EXERCISE ->
Your response should contain only the lines running from the top of the data below through the line with "黑龍江天宏藥業(yè)股份有限公司", both included. Pictures must be omitted.

DATA UNDER STUDY ->
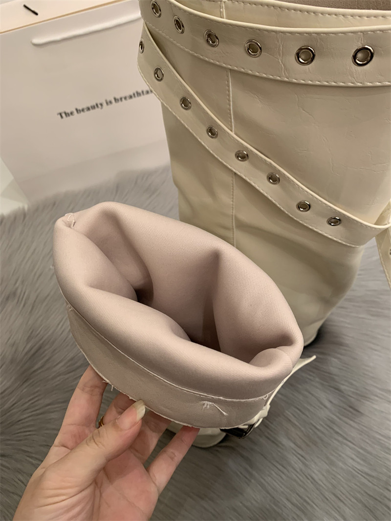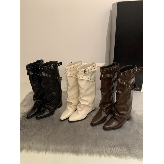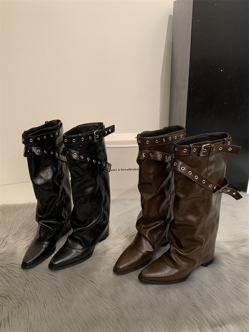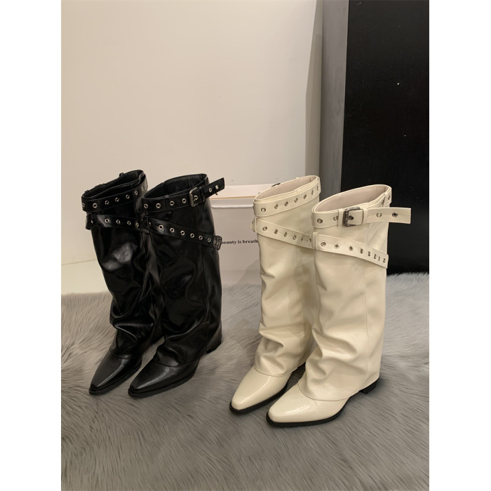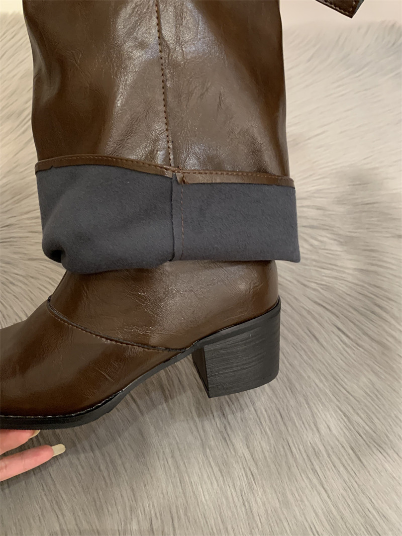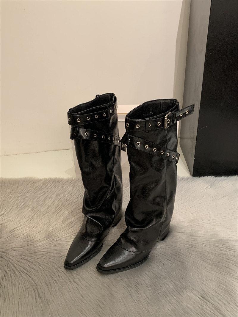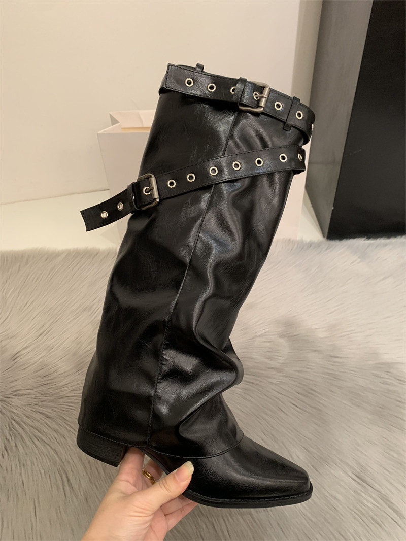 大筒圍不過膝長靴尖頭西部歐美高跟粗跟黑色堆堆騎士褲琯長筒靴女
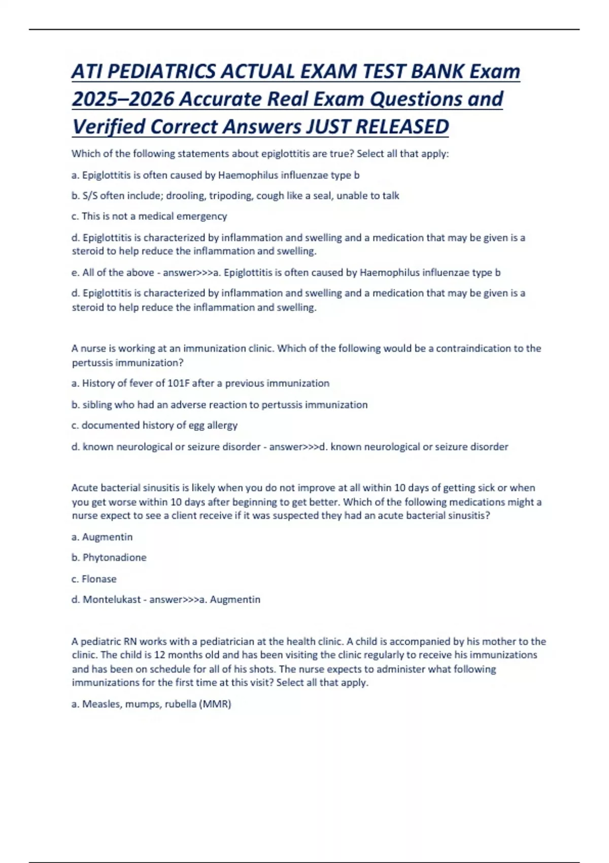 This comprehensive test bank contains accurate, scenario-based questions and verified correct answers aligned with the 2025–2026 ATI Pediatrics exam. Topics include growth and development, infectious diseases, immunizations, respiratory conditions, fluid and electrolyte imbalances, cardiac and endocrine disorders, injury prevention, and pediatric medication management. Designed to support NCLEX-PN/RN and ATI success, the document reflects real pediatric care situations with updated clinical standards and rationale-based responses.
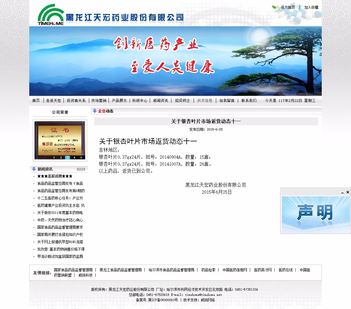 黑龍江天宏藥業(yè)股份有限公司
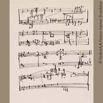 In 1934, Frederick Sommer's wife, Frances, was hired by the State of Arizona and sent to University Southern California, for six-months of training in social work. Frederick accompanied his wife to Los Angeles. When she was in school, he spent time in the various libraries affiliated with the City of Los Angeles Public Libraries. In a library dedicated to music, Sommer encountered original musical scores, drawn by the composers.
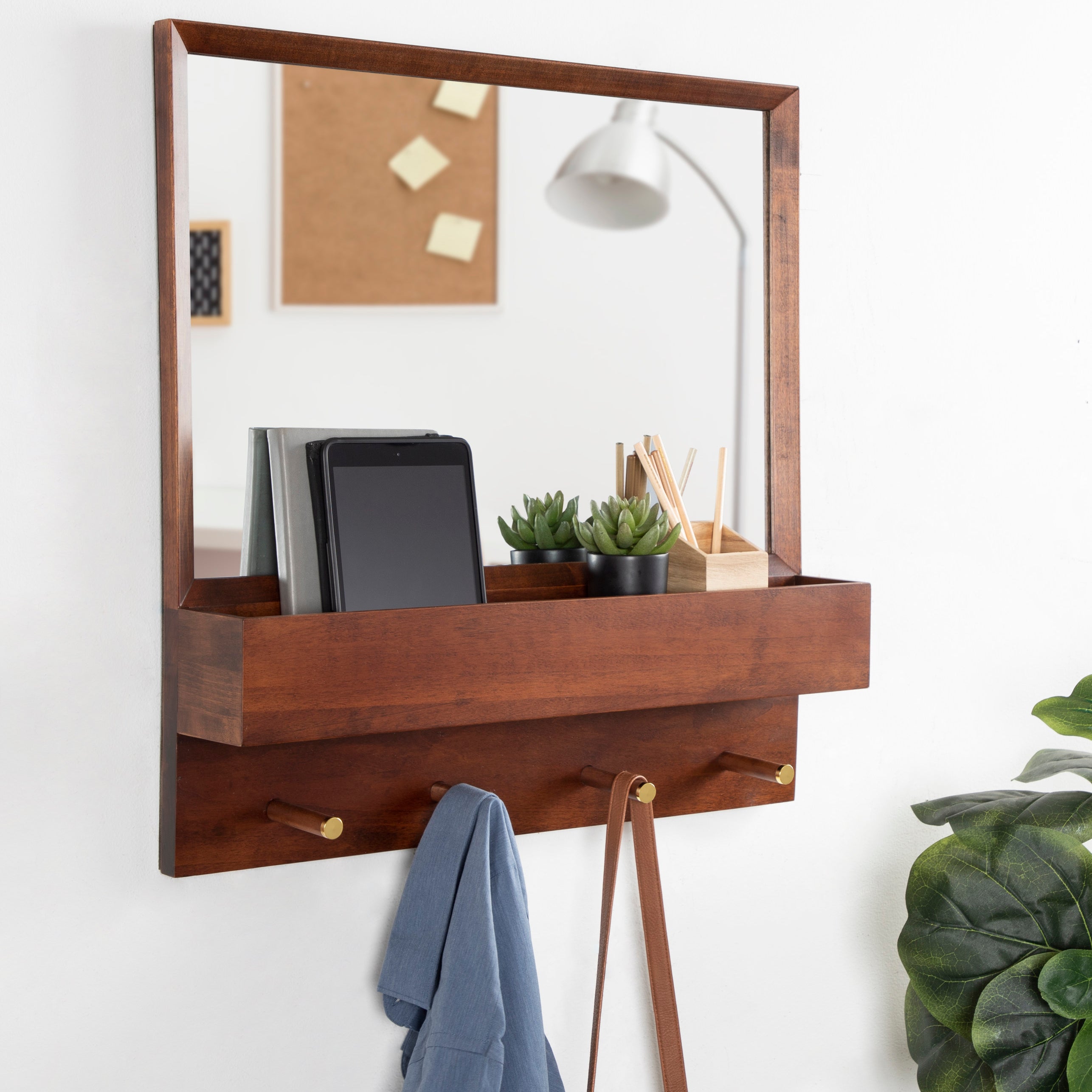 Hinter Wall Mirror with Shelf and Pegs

COMPLETED EXERCISE ->
 大筒圍不過膝長靴尖頭西部歐美高跟粗跟黑色堆堆騎士褲琯長筒靴女
 This comprehensive test bank contains accurate, scenario-based questions and verified correct answers aligned with the 2025–2026 ATI Pediatrics exam. Topics include growth and development, infectious diseases, immunizations, respiratory conditions, fluid and electrolyte imbalances, cardiac and endocrine disorders, injury prevention, and pediatric medication management. Designed to support NCLEX-PN/RN and ATI success, the document reflects real pediatric care situations with updated clinical standards and rationale-based responses.
 黑龍江天宏藥業(yè)股份有限公司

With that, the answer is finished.